Com Paulo Freire, o educador que evidenciou o tema da educação como libertação, no Brasil, compreendemos de modo mais palpável a proposta do livro VII da República. Platão interveio na sociedade de seu tempo com sua proposta filosófica educacional. De fato, a missão da educação libertadora é intervir na sociedade, como sugere Freire. Não há outro lugar para a educação mostrar sua face libertadora, que não a sociedade. Por essa necessidade de intervenção, como também Platão descreveu no Mito, o educador há de enfrentar muitas dificuldades, por isso deve estar imbuído de seu ideal a tal ponto, que enfrenta os adversários e as dificuldades do caminho. É criativo e parceiro dos educandos. Aprende e ensina, ensina e aprende. Constrói no conhecimento. Instiga à libertação ao libertar. Constrói o conhecimento, proporcionando que o próprio aprendiz interprete a informação e forme dentro si uma concepção própria. Platão acreditava que o conhecimento é um desprendimento da caverna cheia de aparências, para a construção da própria verdade, que de alguma forma era a verdade da Polis. Freire crê que é da educação bancária e condicionadora, aquela que leva o educando a acreditar em fantasias ou acomodar-se, desistindo de sua autonomia e amoldando-se aos ideais das partes opressoras da sociedade que deve se libertar o sistema educacional brasileiro. Romper com essa situação é trazer esperança, fomentar de novo utopia. Libertar pela educação é quebrar os grilhões do conformismo, da ignorância, da manipulação e só assim existirá a educação que liberta. Formar pessoas que vêem mais do que aquilo que se põe à sua frente, que cruzem a fronteira da fogueira da caverna, que saibam discernir entre uma situação e outra deve ser a proposta de toda séria educação.
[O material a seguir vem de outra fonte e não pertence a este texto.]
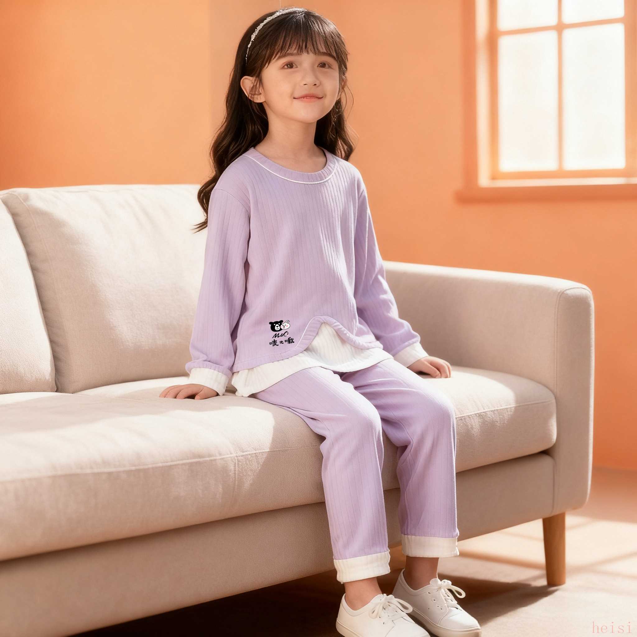 再看顏值,既要符合女寶的審美,又不能太花哨。主色調(diào)特意避開了濃烈的顏色,選了柔粉、鵝黃、淺紫、霧藍(lán)四種低飽和素雅色,襯得孩子膚色透亮,低調(diào)里透著精致感。細(xì)節(jié)上更用心,袖口、腳口和下擺都拼了干凈的白邊,像給睡衣鑲了圈月光,瞬間提亮整體,清爽又顯精神,比單調(diào)的純色睡衣更有潮流感,滿足女寶愛美的小小心思。

            Não pretendemos, de forma alguma, esgotar o assunto sobre este tema, tão vasto, amplo e rico. A educação que liberta pode ser vista de várias formas, em muitos autores e numa vasta quantidade de obras. Quisemos trazer Platão e, em especial o Mito da Caverna apresentado no Livro VII da República, por nos parecer tão adequado ao momento presente e do qual tínhamos alguma segurança para discorrer. Provavelmente algum aspecto possa nos ter escapado, afinal Platão e o Mito da Caverna, associados à educação com viés de libertação tem um alcance, uma abrangência do qual não podemos ter ideia, justamente por estarem suscitando reflexões, a todo momento, em alguma parte do mundo. Porém, os que aqui apresentamos como reflexão, segundo o Mito da Caverna, pretende tornar clara essa visão de educação como libertação, e de que não é qualquer educação que liberta, mas somente aquela que possibilita o caminho à verdade, ao conhecimento das coisas como realmente são.
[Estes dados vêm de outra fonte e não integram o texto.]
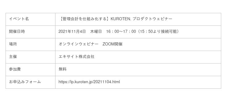 大型アップデートに伴い、ご利用方法や新機能などのご説明をする「KUROTEN.紹介ウェビナー」を実施します。

[1] “As palavras ‘Educação’ e ‘Educar’ provêm do latim ‘Educare’, palavra aparentada com ducere, ‘conduzir’, ‘levar’, e educere, ‘tirar de’, ‘retirar’, ‘criar’. Educare tem o sentido de ‘criar’, ‘alimentar’, ‘ter cuidado com’, ‘instruir’. Parece-me que o termo latino é uma tradução do grego, paideu/w, ‘instruir’, ‘educar’, ‘formar’, ‘ensinar’, ‘formar a inteligência, o coração e o espírito de’.” (FREIRE, 1941-1942, p.2029).
[2] Apresentação da edição da Editora Globo na coletânea Diálogos em 1964. PLATÃO. A República. Traduzido por Leonel Vallandro. Rio de Janeiro: 1964.